And these are really, really old-time beads, because you see how small they are?
—Eliza Jones, 2004
This man’s tunic, made of moose hide with long fringes and colorful beadwork, is a style that Alaskan Athabascans stopped making around the end of the 19th century. Before glass beads became available from fur traders, women embroidered tunics with dyed porcupine quills.
Region: Innoko River, Alaska
Object Category: Clothing
Object Type: Tunic
Dimensions: Length 128cm
Accession Date: 1882
Source: E. W. Nelson (collector)
Museum: National Museum of Natural History
Museum ID Number: E064278
Eliza Jones: This is moosehide, tanned and smoked moosehide. And these are really, really old-time beads, because you see how small they are?
Judy Woods: Yes, they are.
Eliza Jones: This whole top piece is one piece.

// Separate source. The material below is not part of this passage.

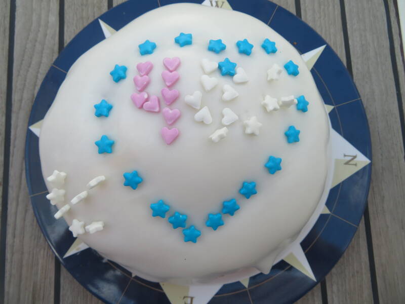 Dan de taarten - daarvan moeten er gewoontegetrouw genoeg van zijn. Doorgaans bakt Marttje alles, maar dat wilde ze met haar verjaardag niet, Dus heeft Edwin een taart versierd, en werd er een chocolade schuimtaart gekocht bij een patisserie.
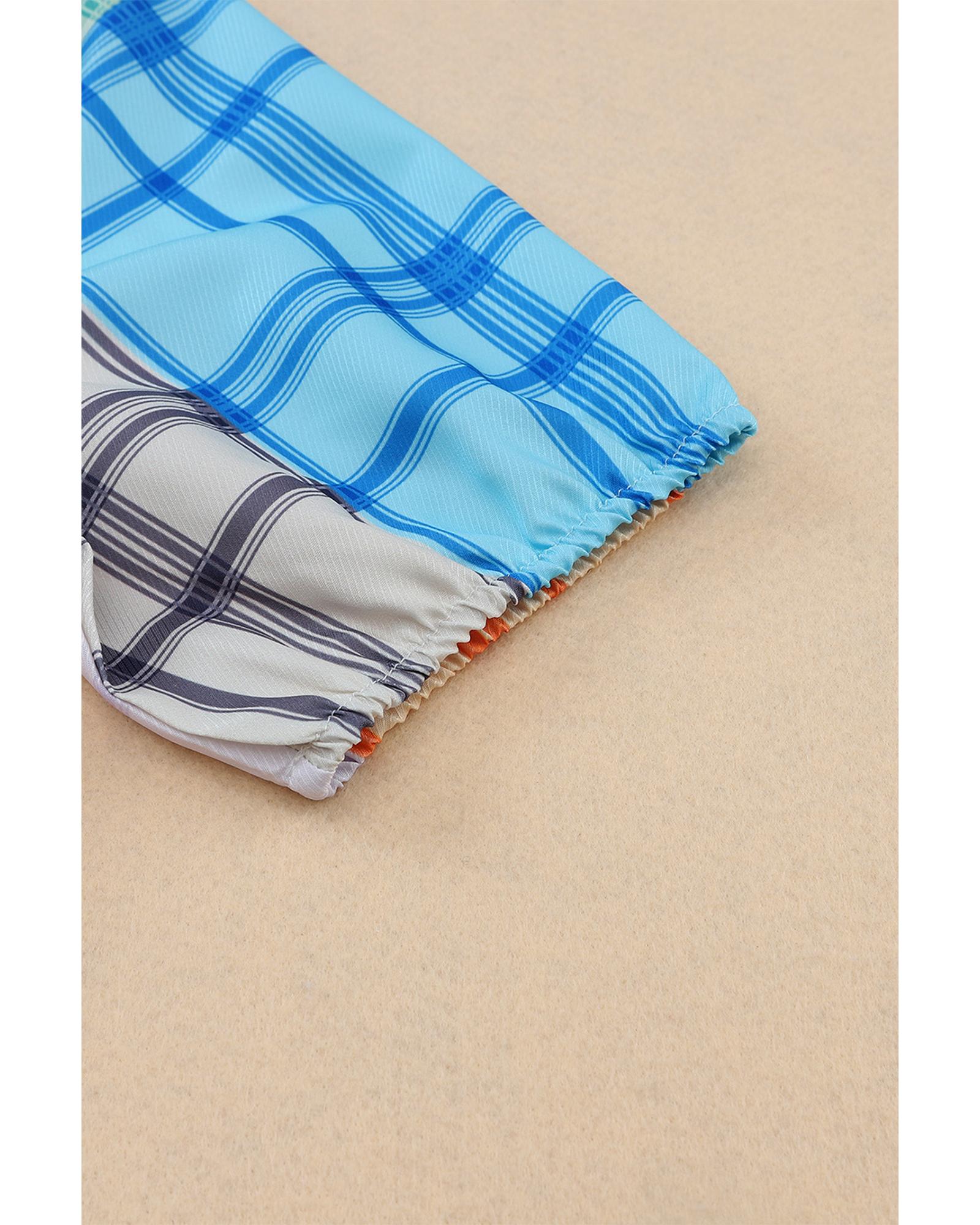 Azura Exchange Bold Plaid Color Block Puff Sleeve Peplum Top - S Original price was: $58.99.Current price is: $31.99.

Kate Duncan: This is one piece wrapped around.
Judy Woods: Yes, wrapped around.
Kate Duncan: And how is it across the back?
Eliza Jones: It’s all one piece, all the way over. Again, the beads are very old-time beads. They look like size fourteen. This one might be sixteen. Some of these are little bigger. Wow.
Aron Crowell: And how would they have tanned this skin to get it so soft?
Eliza Jones: It’s a long process. If they got this moose in the winter or even in the fall, the first thing you do is you drape it over a pole with the fur turned in. There’s different methods, but one way is to hayłgaa [scrape it].
Trimble Gilbert: Nehtthah reh [bone skin scraper].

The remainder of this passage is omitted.